Leaving out all images, write out the records that follow exactly.

Data entries
Content starts

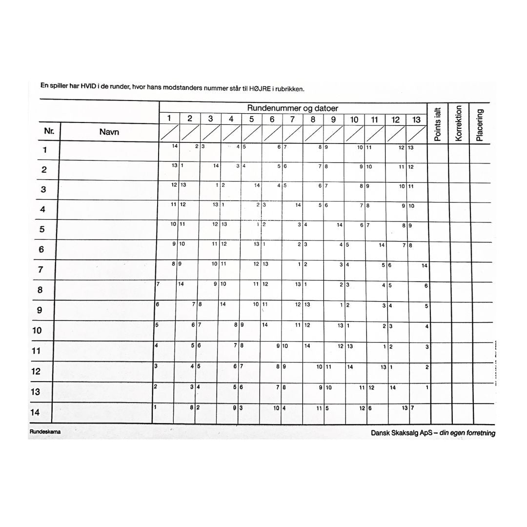 Detta schema har skapats för större turneringar med upp till 14 deltagare. Varje spelare möter varandra en gång, och motståndarnas nummer är lätta att hitta för varje omgång.
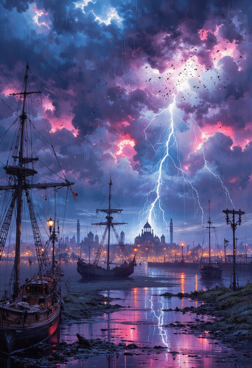 mythp0rt, ArsMJStyle, impressionism, smooth and sharp, ultra realistic ominous and dark, deep shadows , over the small port town, small river nearby, docks with wooden ships, busy skies before the storm, clouds are dense and huge, wires and pipes on the ground, bright red lines in the sky, dense clouds with red lines, blue sand ground, whole picture is filled with crows and raindrops, white lines in the sky, purple and blue and white desert scene, desolate, intricate and detailed, trending on artstation.
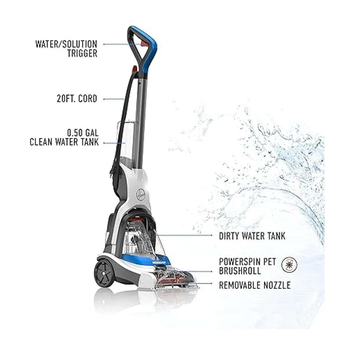 Hoover PowerDash: Limpiador de alfombras para mascotas Compacto ligero, FH50700, Color Azul
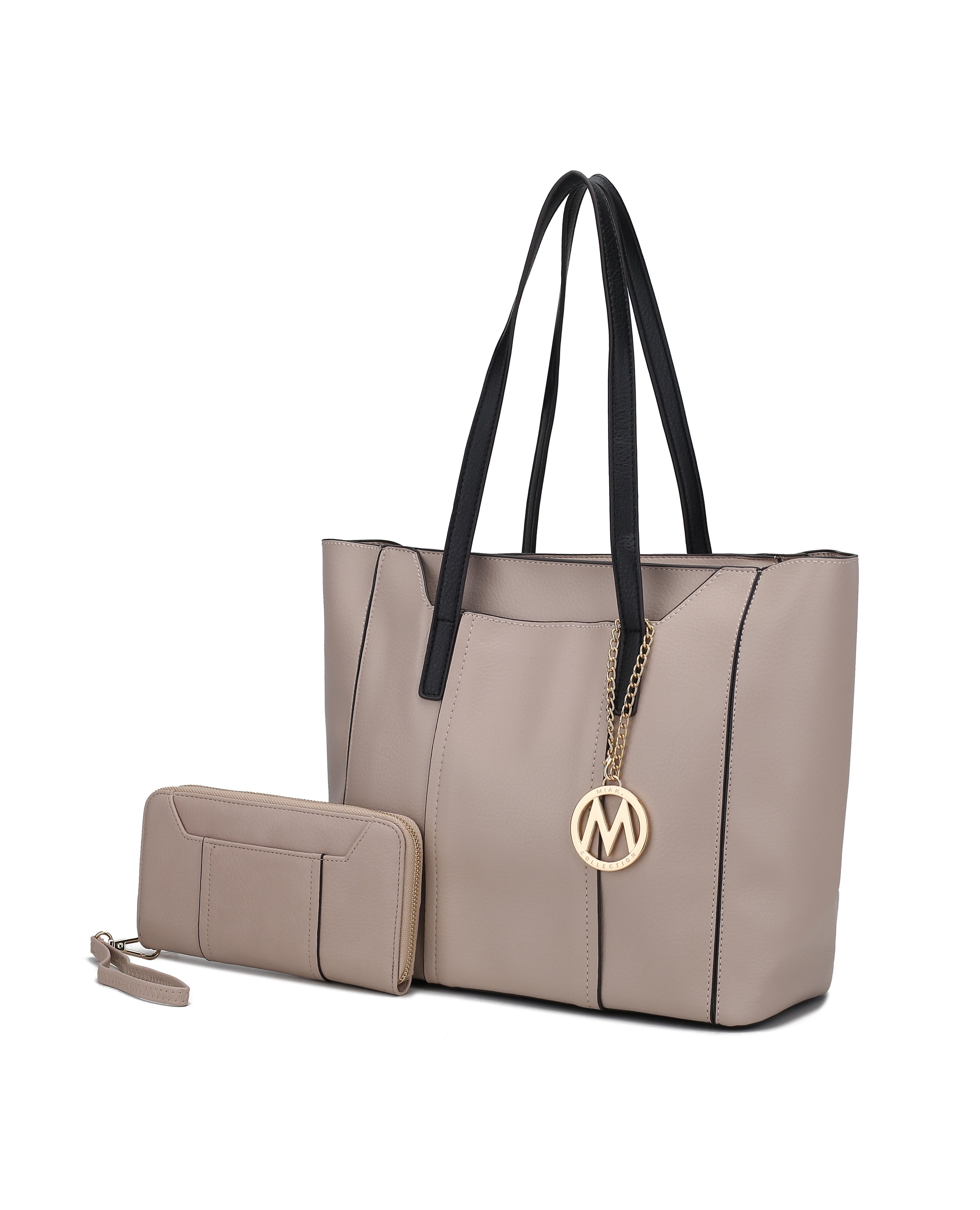 MATERIAL - Made of high-quality vegan leatherFEATURE - Designed with luxurious gold tone hardwareZip top closureContrast piping designRemovable signature M keychainSoft pebbled textureLightweightPOCKETS - Interior features an open spacious compartment with a deep wall zippered pocket and hidden slip in pocket to fit larger phonesExterior features hidden front slip in pocket and a generous back slip in pocket can fit a tablet or an iPadMEASUREMENTS - 17 in W x 10.5 in H x 5.5 in DHandle Drop 10 inWallet MEASUREMENTS - 8 in W x 4 in H x 0.5 in DFEATURE - Designed with luxurious gold tone embellishmentsPOCKETS - Interior features 12 card slots, 2 full bill compartments, a-mid centered zipper pocketExterior features back zippered pocketRemovable wristlet strap 7in
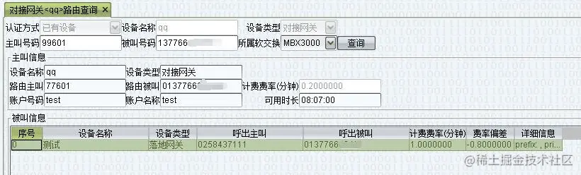 1.点击查询可以看到该通话经过的对接网关名称和计费的账户,可用时长等信息路由主叫和路由被叫是经过对接网关号码规整之后的号码。
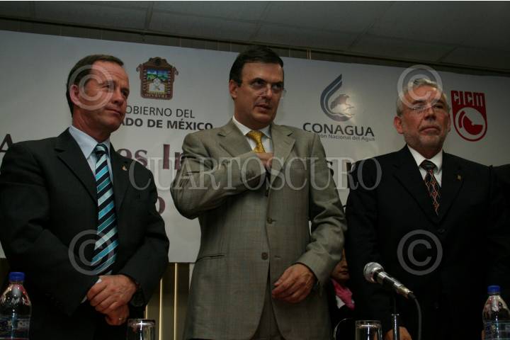 MÉXICO, D.F. 09MAYO2007.- El jefe de gobierno, Marcelo Ebrard Casaubón presentó su programa de mejora del drenaje capitalino. José Luis Luege Tamargo, director de la Comisión Nacional del Agua y José Elías Chedid Abraham, presidente del Colegio de Ingenieros del Estado de México estuvieron presentes. FOTO: PAOLA HIDALGO/CUARTOSCURO.COM
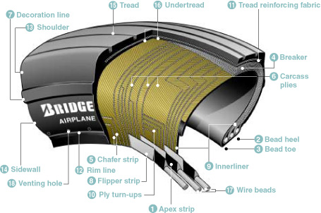 | 1. Apex strip: A triangular piece of stiff rubber which is fitted onto the bead core to taper the rigid bead into the flexible body plies in the sidewall. 2. Bead heel: Outer edge of the bead. 3. Bead toe: Inner edge of the bead. 4. Breaker: Breakers are fabric plies placed directly on the upper-most ply beneath the tread rubber. They disperse stress throughout the tire. This breaker is utilized in a limited number of Bridgestone aircraft tires. 5. Chafer strip: Reinforces the beads and protects the cord body-plies from damage from rim friction or from damage when replacing the rim. 6. Carcass plies: Each nylon ply is held by wire beads across the tire to keep the tensile strength at the proper level, and is folded to the side of the sidewall. Each ply is provided with cushion rubber to reduce shearing force produced between the cords of the tire when it is deformed. Multiple coated-nylon cords are crossed alternately on the bias to make the carcass. 7. Decoration line: A projecting, embossed line molded between the shoulder and sidewall of a tire. Its purpose is for decoration only. 8. Flipper strip: A strip of material which is wrapped around the bead bundle and filler to add support and help taper the assembly into the sidewall. 9. Innerliner: A sheet of special rubber laminated to the inside of the first casing ply of the tubeless tire so as to ensure retention of pressure when the tire is inflated. 10. Ply turn-ups: The turned-up ends of plies around the bead. Other plies lock the ends into place. 11. Tread reinforcing fabric: Nylon cord plies located in the tread between the tread groove and the outer ply of the carcass which reduce tread squirm and increase stability for high speed operations. 12. Rim line: This line is provided near the beads to allow inspection of how the tire fits with the rim. 13. Shoulder: The area on the side of the tire between the sidewall and the tread. 14. Sidewall: The side area of the tire located between the buttress and the beads. Composed of rubber, it protects the carcass from damage. 15. Tread: A layer of rubber on the outer circumference of a tire, its major functions are to protect the casing from cuts, withstand high speed during take-off and landing, provide traction, resist wear, provide durability under a wide range of temperatures and to ensure stability (in particular, the effective discharge of water on wet runways). The tread compound is designed to suit a wide range of operations. 16. Undertread: A rubber layer provided for use in retreading the tire and which provides adhesion of tread to the cord body. Bridgestone makes this rubber layer thick enough to ensure a high number of retreads. 17. Wire beads: Constructed of steel wire encased in rubber, they help to maintain the shape of the tire and keep it securely fixed to the rim. The wire beads are wrapped with fabric. 18. Venting hole: The hole through which gas is vented from inside the carcass plies. * Balance marker A balance marker, consisting of a red dot, is affixed on the sidewall of the tire immediately above the bead to indicate the lightweight point of the tire. > Basic Structure - Radial Tires |
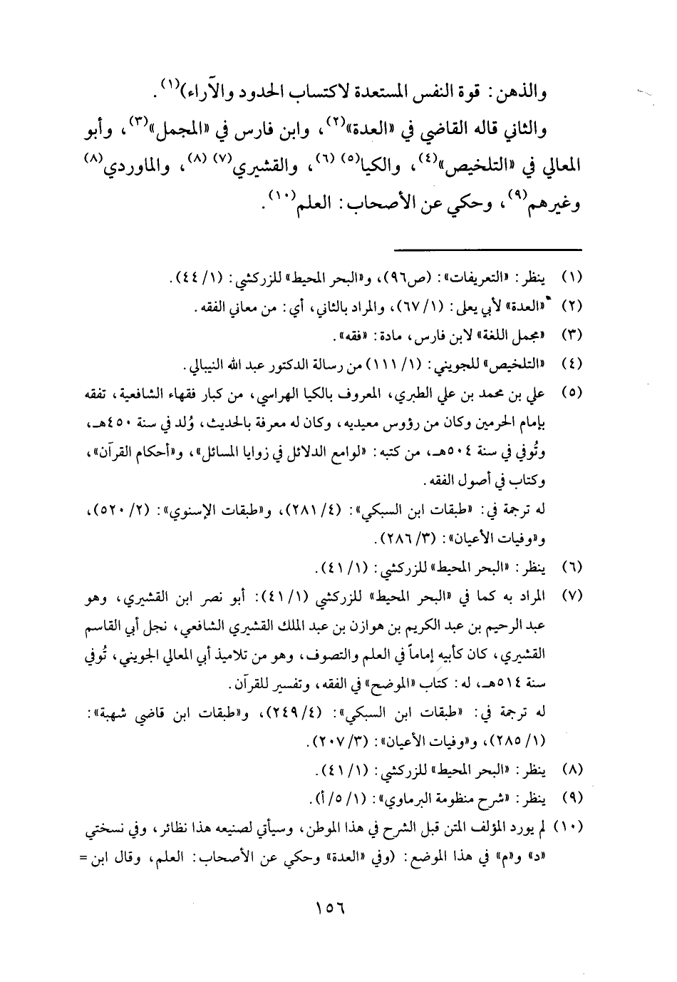 وَالثَّانِي قَالَه القَاضِي فِي " الْعدة "، وَابْن فَارس فِي " الْمُجْمل "، وَأَبُو الْمَعَالِي فِي " التخليص "، والكيا، والقشيري، وَالْمَاوَرْدِيّ وَغَيرهم، وَحكي عَن الْأَصْحَاب: الْعلم.
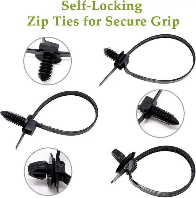 Widely Used: Black cable ties can be used in household, construction, electronic, auto, engine cable and wire assembly. Good for anchoring cables, (and small hoses/tail light wire harnesses/ secure wires/ Wire Harness Clips/ factory zip tie clips/ secure spark plug wires) and is equivalent replacement for similarly factory installed wire loom ties

Content ends

* The answer
 Detta schema har skapats för större turneringar med upp till 14 deltagare. Varje spelare möter varandra en gång, och motståndarnas nummer är lätta att hitta för varje omgång.
 mythp0rt, ArsMJStyle, impressionism, smooth and sharp, ultra realistic ominous and dark, deep shadows , over the small port town, small river nearby, docks with wooden ships, busy skies before the storm, clouds are dense and huge, wires and pipes on the ground, bright red lines in the sky, dense clouds with red lines, blue sand ground, whole picture is filled with crows and raindrops, white lines in the sky, purple and blue and white desert scene, desolate, intricate and detailed, trending on artstation.
 Hoover PowerDash: Limpiador de alfombras para mascotas Compacto ligero, FH50700, Color Azul
 MATERIAL - Made of high-quality vegan leatherFEATURE - Designed with luxurious gold tone hardwareZip top closureContrast piping designRemovable signature M keychainSoft pebbled textureLightweightPOCKETS - Interior features an open spacious compartment with a deep wall zippered pocket and hidden slip in pocket to fit larger phonesExterior features hidden front slip in pocket and a generous back slip in pocket can fit a tablet or an iPadMEASUREMENTS - 17 in W x 10.5 in H x 5.5 in DHandle Drop 10 inWallet MEASUREMENTS - 8 in W x 4 in H x 0.5 in DFEATURE - Designed with luxurious gold tone embellishmentsPOCKETS - Interior features 12 card slots, 2 full bill compartments, a-mid centered zipper pocketExterior features back zippered pocketRemovable wristlet strap 7in
 1.点击查询可以看到该通话经过的对接网关名称和计费的账户,可用时长等信息路由主叫和路由被叫是经过对接网关号码规整之后的号码。
 MÉXICO, D.F. 09MAYO2007.- El jefe de gobierno, Marcelo Ebrard Casaubón presentó su programa de mejora del drenaje capitalino. José Luis Luege Tamargo, director de la Comisión Nacional del Agua y José Elías Chedid Abraham, presidente del Colegio de Ingenieros del Estado de México estuvieron presentes. FOTO: PAOLA HIDALGO/CUARTOSCURO.COM
 | 1. Apex strip: A triangular piece of stiff rubber which is fitted onto the bead core to taper the rigid bead into the flexible body plies in the sidewall. 2. Bead heel: Outer edge of the bead. 3. Bead toe: Inner edge of the bead. 4. Breaker: Breakers are fabric plies placed directly on the upper-most ply beneath the tread rubber. They disperse stress throughout the tire. This breaker is utilized in a limited number of Bridgestone aircraft tires. 5. Chafer strip: Reinforces the beads and protects the cord body-plies from damage from rim friction or from damage when replacing the rim. 6. Carcass plies: Each nylon ply is held by wire beads across the tire to keep the tensile strength at the proper level, and is folded to the side of the sidewall. Each ply is provided with cushion rubber to reduce shearing force produced between the cords of the tire when it is deformed. Multiple coated-nylon cords are crossed alternately on the bias to make the carcass. 7. Decoration line: A projecting, embossed line molded between the shoulder and sidewall of a tire. Its purpose is for decoration only. 8. Flipper strip: A strip of material which is wrapped around the bead bundle and filler to add support and help taper the assembly into the sidewall. 9. Innerliner: A sheet of special rubber laminated to the inside of the first casing ply of the tubeless tire so as to ensure retention of pressure when the tire is inflated. 10. Ply turn-ups: The turned-up ends of plies around the bead. Other plies lock the ends into place. 11. Tread reinforcing fabric: Nylon cord plies located in the tread between the tread groove and the outer ply of the carcass which reduce tread squirm and increase stability for high speed operations. 12. Rim line: This line is provided near the beads to allow inspection of how the tire fits with the rim. 13. Shoulder: The area on the side of the tire between the sidewall and the tread. 14. Sidewall: The side area of the tire located between the buttress and the beads. Composed of rubber, it protects the carcass from damage. 15. Tread: A layer of rubber on the outer circumference of a tire, its major functions are to protect the casing from cuts, withstand high speed during take-off and landing, provide traction, resist wear, provide durability under a wide range of temperatures and to ensure stability (in particular, the effective discharge of water on wet runways). The tread compound is designed to suit a wide range of operations. 16. Undertread: A rubber layer provided for use in retreading the tire and which provides adhesion of tread to the cord body. Bridgestone makes this rubber layer thick enough to ensure a high number of retreads. 17. Wire beads: Constructed of steel wire encased in rubber, they help to maintain the shape of the tire and keep it securely fixed to the rim. The wire beads are wrapped with fabric. 18. Venting hole: The hole through which gas is vented from inside the carcass plies. * Balance marker A balance marker, consisting of a red dot, is affixed on the sidewall of the tire immediately above the bead to indicate the lightweight point of the tire. > Basic Structure - Radial Tires |
 وَالثَّانِي قَالَه القَاضِي فِي " الْعدة "، وَابْن فَارس فِي " الْمُجْمل "، وَأَبُو الْمَعَالِي فِي " التخليص "، والكيا، والقشيري، وَالْمَاوَرْدِيّ وَغَيرهم، وَحكي عَن الْأَصْحَاب: الْعلم.
 Widely Used: Black cable ties can be used in household, construction, electronic, auto, engine cable and wire assembly. Good for anchoring cables, (and small hoses/tail light wire harnesses/ secure wires/ Wire Harness Clips/ factory zip tie clips/ secure spark plug wires) and is equivalent replacement for similarly factory installed wire loom ties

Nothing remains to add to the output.